My 95 max has a confusing to me misfire issue. About 2 weeks ago my cel came on for knock sensor bank 1 circuit 1 and misfire cyl 2. This past friday light came on again for knock and multiple misfire. So sat i put new plugs in cel on again read knock and #5 misfire. I bought a new coil installed it and still same prob. 

I also tried to put my old coil back in and swap coils from one to the other problem still in the same place. So today i had it read again at autozone and i pulled a p1320, the same knock code , and the same #5 code.

Azone printed my out the troubleshoot for the 1320 and it said

Faulty ignition with possible 
A) cam sensor
B) power transistor unit
C) failed ignition ballast
Or 
D) open or short circuit condition

My question is would and of these 4 things cause only 1 cyl to misfire or would it cause problems with multiple cyls? Im just getting fed up and would like to fix it myself because i just dont have mechanic money.

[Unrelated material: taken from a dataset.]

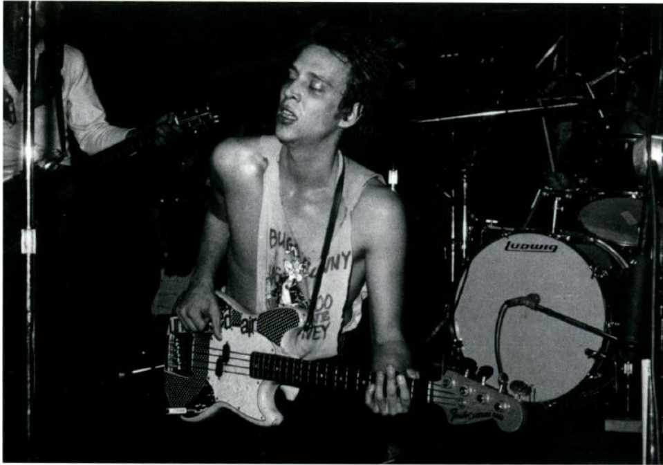
RICHARD HELL PERFORMING IN A T-SHIRT PROCLAIMING "BUGS BUNNY HAS TOO MUCH MONEY." Richard Hell Papers, Fales Library.

experimental, outsider, and avant-garde artists working in Downtown New York during the seminal decade 1974–84. It brings together essays by some of the leading scholars, writers, and other people who were part of the Downtown scene. By viewing Downtown as both geography and metaphor, we can begin to understand how this place, during this period, shaped creative culture in the United States over the past twenty-five years.

Any help or advice will be appreciated


----------



## smj999smj (Jan 1, 2006)

The cam sensor would affect multiple cylinders. The ignition ballast and transistor, IIRC, are both integral of the individual coil packs, so, yes, they would affect an individual cylinder. Check the wiring circuit for #5 coil.


----------



## c_elliott (Apr 18, 2011)

How would i check that? Is that the wiring that goes to the plug on for the coil? Sorry for my dumbness im just not to familair with these types if problems besides normal plug and wire changing. And pics of anything to maybe help me out or put it in prospective. Thanks


----------



## smj999smj (Jan 1, 2006)

The wiring between the ECM and #5 coil harness connector. Disconnect the battery while testing these circuits. You'll need a wiring diagram and a multimeter. A common place for wire breakage is the bend in the EGI harness between where it enters the engine compartment at the passenger side firewall and where it attaches to the engine. WHile testing these circuits, have someone bend and twist the harness in this area to check for an intermittant open.


----------



## c_elliott (Apr 18, 2011)

Well only thing left to check is the injector if thats not the problem then im gonna sell it and not look back.


----------